Memphis Depay nie podpisał nowej umowy z Lyonem, a zdaniem Mundo Deportivo działacze francuskiego klubu pogodzili się z tym, że odejdzie. Teraz chcą na nim tylko zarobić. W grze o podpis tego gracza są FC Barcelona i Paris Saint-Germain.
Obecna umowa Holendra wygasa latem, dlatego w teorii już w styczniu mógłby on podpisać przedwstępny kontrakt z innym pracodawcą, by za sześć miesięcy odejść za darmo. Lyon liczy jednak, że do tego nie dojdzie. Les Gones chcą sprzedać piłkarza i zdecydowali się obniżyć jego cenę do zaledwie 5 milionów euro.
Działacze Lyonu sami są jednak sobie winni. Latem o gracza usilnie zabiegała Barcelona i chciała zapłacić 25 milionów euro. Jej oferta została jednak przez Francuzów odrzucona. Teraz Les Gones nie mają już szans otrzymać za Memphisa Depaya takich pieniędzy.

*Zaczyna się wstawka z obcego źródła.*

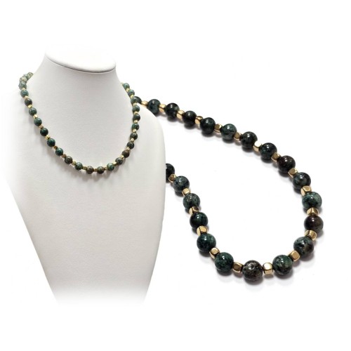 Κολιέ Πέτρα ατσάλι 316L, αλυσίδα με μαλαχίτη σε χρώμα Χρυσαφί..
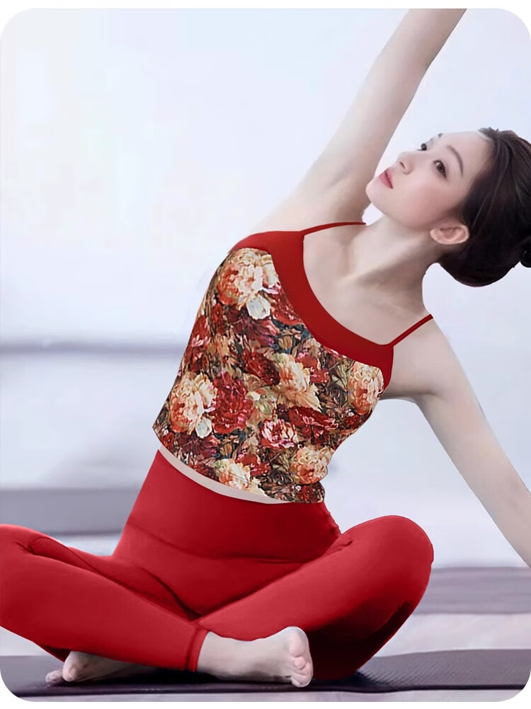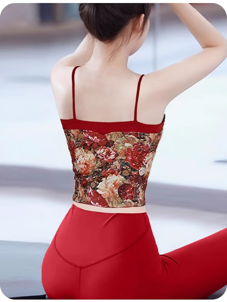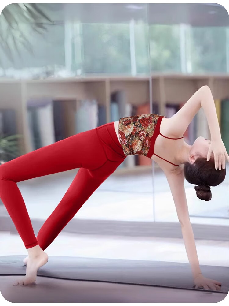 Double Show Printed Yoga Wear Vest Women's New National Style Beautiful Bra Strap Pad Pilates Red Sports Bra Fitness Bra Floral Top + Burgundy Pants Set L (110-120)

Holender nie wybrał jeszcze nowego klubu, ale zdaniem Mundo Deportivo trafi albo na Camp Nou, albo do Paris Saint-Germain. W tym sezonie Ligue 1 zawodnik ten wystąpił w 15 meczach i zdobył w nich osiem goli.
Wielkim zwolennikiem talentu Depaya jest trener Barcelony, Ronald Koeman, który zna dobrze tego gracza ze wspólnej pracy w reprezentacji Holandii. Szkoleniowiec ten nie ukrywa, że chciałby wzmocnić kataloński zespół paroma swoimi rodakami. Obecnie jedynym Holendrem w kadrze jest Frankie de Jong. Zdaniem hiszpańskiej prasy szanse na to, że dołączy do niego Depay są spore.
Pozostaje pytanie czy Barca zgodzi się zapłacić pieniądze Lyonowi, by pozyskać zawodnika od razu, czy też będzie wolała poczekać do lata, by pozyskać go za darmo.